══ Data shown ══
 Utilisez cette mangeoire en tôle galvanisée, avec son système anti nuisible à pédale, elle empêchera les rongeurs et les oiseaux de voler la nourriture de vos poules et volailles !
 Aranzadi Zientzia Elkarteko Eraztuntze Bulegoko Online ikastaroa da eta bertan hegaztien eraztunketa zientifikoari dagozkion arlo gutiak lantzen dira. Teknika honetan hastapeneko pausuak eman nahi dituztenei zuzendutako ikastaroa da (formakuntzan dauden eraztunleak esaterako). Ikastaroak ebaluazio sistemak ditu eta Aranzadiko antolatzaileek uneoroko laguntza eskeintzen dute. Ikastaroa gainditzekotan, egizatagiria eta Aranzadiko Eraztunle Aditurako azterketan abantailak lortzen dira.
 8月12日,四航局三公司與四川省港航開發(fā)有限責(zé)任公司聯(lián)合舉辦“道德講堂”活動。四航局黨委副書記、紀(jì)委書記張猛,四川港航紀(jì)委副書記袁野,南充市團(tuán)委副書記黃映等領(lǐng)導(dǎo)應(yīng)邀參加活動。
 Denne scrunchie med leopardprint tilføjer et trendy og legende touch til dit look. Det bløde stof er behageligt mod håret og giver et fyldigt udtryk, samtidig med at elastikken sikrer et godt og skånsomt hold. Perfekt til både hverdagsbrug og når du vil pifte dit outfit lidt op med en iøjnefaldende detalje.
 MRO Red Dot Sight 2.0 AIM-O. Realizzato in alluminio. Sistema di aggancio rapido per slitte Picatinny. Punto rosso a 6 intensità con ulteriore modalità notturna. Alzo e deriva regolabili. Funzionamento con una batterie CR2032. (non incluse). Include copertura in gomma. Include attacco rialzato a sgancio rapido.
═══
══ Data shown ══
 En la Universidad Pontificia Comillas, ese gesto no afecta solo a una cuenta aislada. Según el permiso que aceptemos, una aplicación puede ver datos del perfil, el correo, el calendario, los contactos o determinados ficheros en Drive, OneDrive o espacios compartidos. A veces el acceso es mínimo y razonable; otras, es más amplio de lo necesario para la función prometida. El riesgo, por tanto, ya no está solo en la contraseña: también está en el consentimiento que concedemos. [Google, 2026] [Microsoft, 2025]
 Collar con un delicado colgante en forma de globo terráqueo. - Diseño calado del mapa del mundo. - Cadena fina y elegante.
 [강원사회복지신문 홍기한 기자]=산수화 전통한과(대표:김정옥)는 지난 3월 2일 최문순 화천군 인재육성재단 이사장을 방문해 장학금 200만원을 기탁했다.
═══
## Required work
Quote the listing above, but only from the line that shows "Aranzadi Zientzia Elkarteko" through the line that shows "MRO Red Dot".

## Response to this exercise
 Aranzadi Zientzia Elkarteko Eraztuntze Bulegoko Online ikastaroa da eta bertan hegaztien eraztunketa zientifikoari dagozkion arlo gutiak lantzen dira. Teknika honetan hastapeneko pausuak eman nahi dituztenei zuzendutako ikastaroa da (formakuntzan dauden eraztunleak esaterako). Ikastaroak ebaluazio sistemak ditu eta Aranzadiko antolatzaileek uneoroko laguntza eskeintzen dute. Ikastaroa gainditzekotan, egizatagiria eta Aranzadiko Eraztunle Aditurako azterketan abantailak lortzen dira.
 8月12日,四航局三公司與四川省港航開發(fā)有限責(zé)任公司聯(lián)合舉辦“道德講堂”活動。四航局黨委副書記、紀(jì)委書記張猛,四川港航紀(jì)委副書記袁野,南充市團(tuán)委副書記黃映等領(lǐng)導(dǎo)應(yīng)邀參加活動。
 Denne scrunchie med leopardprint tilføjer et trendy og legende touch til dit look. Det bløde stof er behageligt mod håret og giver et fyldigt udtryk, samtidig med at elastikken sikrer et godt og skånsomt hold. Perfekt til både hverdagsbrug og når du vil pifte dit outfit lidt op med en iøjnefaldende detalje.
 MRO Red Dot Sight 2.0 AIM-O. Realizzato in alluminio. Sistema di aggancio rapido per slitte Picatinny. Punto rosso a 6 intensità con ulteriore modalità notturna. Alzo e deriva regolabili. Funzionamento con una batterie CR2032. (non incluse). Include copertura in gomma. Include attacco rialzato a sgancio rapido.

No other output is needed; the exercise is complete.